An enhanced hybrid seagull optimization algorithm with its application in engineering optimization

Aiming at the problems such as slow search speed, low optimization accuracy, and premature convergence of standard seagull optimization algorithm, an enhanced hybrid strategy seagull optimization algorithm was proposed. First, chaos mapping is used to generate the initial population to increase the diversity of the population, which lays the foundation for the global search. Then, a nonlinear convergence parameter and inertia weight are introduced to improve the convergence factor and to balance the global exploration and local development of the algorithm, so as to accelerate the convergence speed. Finally, an imitation crossover mutation strategy is introduced to avoid premature convergence of the algorithm.

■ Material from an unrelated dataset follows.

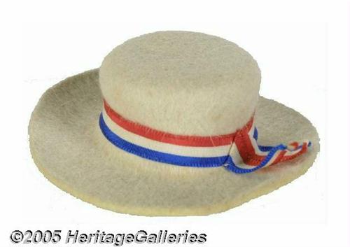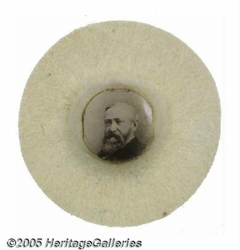 <B>Circa 1888 Benjamin Harrison Miniature Felt Campaign Hat</B></I> This clever novelty is a miniature white felt hat with red, white and blue grosgrain ribbon hat band. Inside the crown is an approximately one inch albumen photograph of Benjamin Harrison. During the elections of 1888 and 1892, Republican supporters urged voters to reinstall another Harrison in the White House. Harrison's grandfather was William Henry Harrison, who wore a hat of this type. Slogans, such as "Grandfather's hat fits Ben..." or "The Same Old Hat," were seen on a variety of campaign items. This cute artifact measures 2 1/2" across x 1" high and rather resembles a planter's hat. While the full-sized top hats with Cleveland and Harrison portraits inside are quite familiar, this version is less so. Probably intended for suspension from some sort of hanger for wearing. The top side of the hat would normally be displayed, and someone could flip the hat over to see the candidate being supported by the wearer, making this item part of the genre of "mechanical" political badges which were quite popular in this era. Choice, virtually mint condition. Lot:260
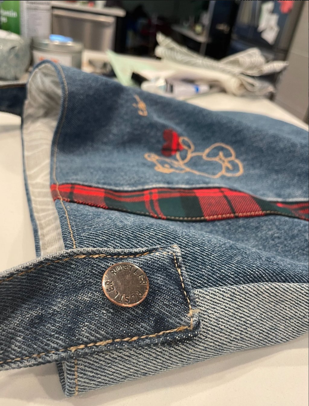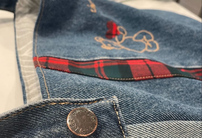 The back pocket is taken straight from a pair of jeans, and another lighter-washed jean, as well as a plaid fleece, is used for the accent strip.

Comparison and verification between MSSOA and its incomplete algorithms are better than SOA, indicating that each improvement is effective and its incomplete algorithms all improve SOA to different degrees in both exploration and exploitation. 25 classic functions and the CEC2014 benchmark functions were tested, and compared with seven well-known meta-heuristic algorithms and its improved algorithm to evaluate the validity of the algorithm. The algorithm can explore different regions of the search space, avoid local optimum and converge to global optimum. Compared with other algorithms, the results of non-parametric statistical analysis and performance index show that the enhanced algorithm in this paper has better comprehensive optimization performance, significantly improves the search speed and convergence precision, and has strong ability to get rid of the local optimal solution. At the same time, in order to prove its applicability and feasibility, it is used to solve two constrained mechanical engineering design problems contain the interpolation curve engineering design and the aircraft wing design. The engineering curve shape with minimum energy, minimum curvature, and the smoother shape of airfoil with low drag are obtained. It is proved that enhanced algorithm in this paper can solve practical problems with constrained and unknown search space highly effectively.